If House Bill 1586, authored by state Rep. Lacey Hull, R-Houston, is approved by both chambers of the Legislature, the state’s current exemption form would be downloadable as a pdf, bypassing the need to contact the Texas Department of State Health Services directly and having a form sent to an applicant’s home address.

“This bill is about government efficiency,” Hull said on Monday when she laid out the details before the committee.
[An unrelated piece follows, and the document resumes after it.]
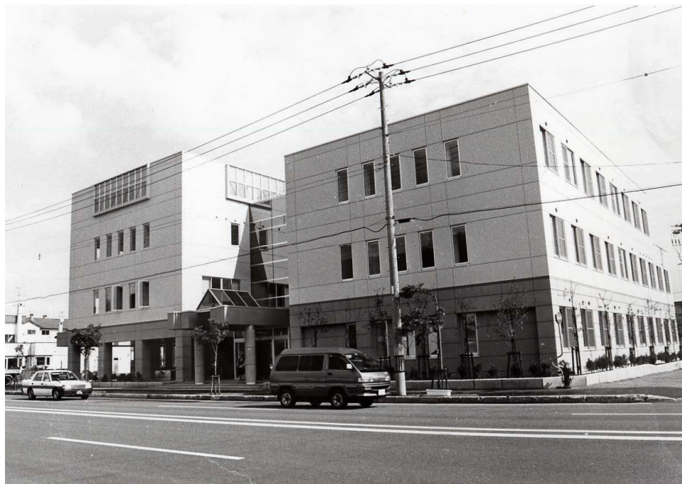
稚内市保健福祉センター

Several health professionals testified against the bill, citing the state’s current measles outbreak in West Texas as evidence that falling vaccination rates put the entire state at greater risk for infections and disease.

Data shows a consistent rise in interest in obtaining exemptions to vaccines since 2003, when then-state Sen. Craig Estes offered a measure that allowed Texans to claim a conscientious exemption in addition to established exemptions based on medical and religious reasons.

Since 2018, the requests to the Texas state health agency for an exemption form have doubled from 45,900 to more than 93,000 in 2024. All requests for exemptions are granted.

“The passage of HB 1586 … marks a major milestone for Texans, signaling that more legislators have begun to recognize that vaccine choice rights are inherent and not given by the government,” said Rebecca Hardy, president of Texans for Vaccine Choice, which supported the bill.

Jackie Schlegel, executive director of Texans For Medical Freedom also praised the bill’s passage. “Texans are taking their freedom back from the government,” she said.

Vaccination proponents expressed frustration of the committee’s passage of the bill.

“Once again the legislature is ignoring the will of their constituents,” said Terri Burke, executive director of The Immunization Partnership, a nonprofit group that advocates for vaccination access and education. More people testified against this bill in committee than testified for it and 72 percent of the written comments opposed it. So who are these people representing?”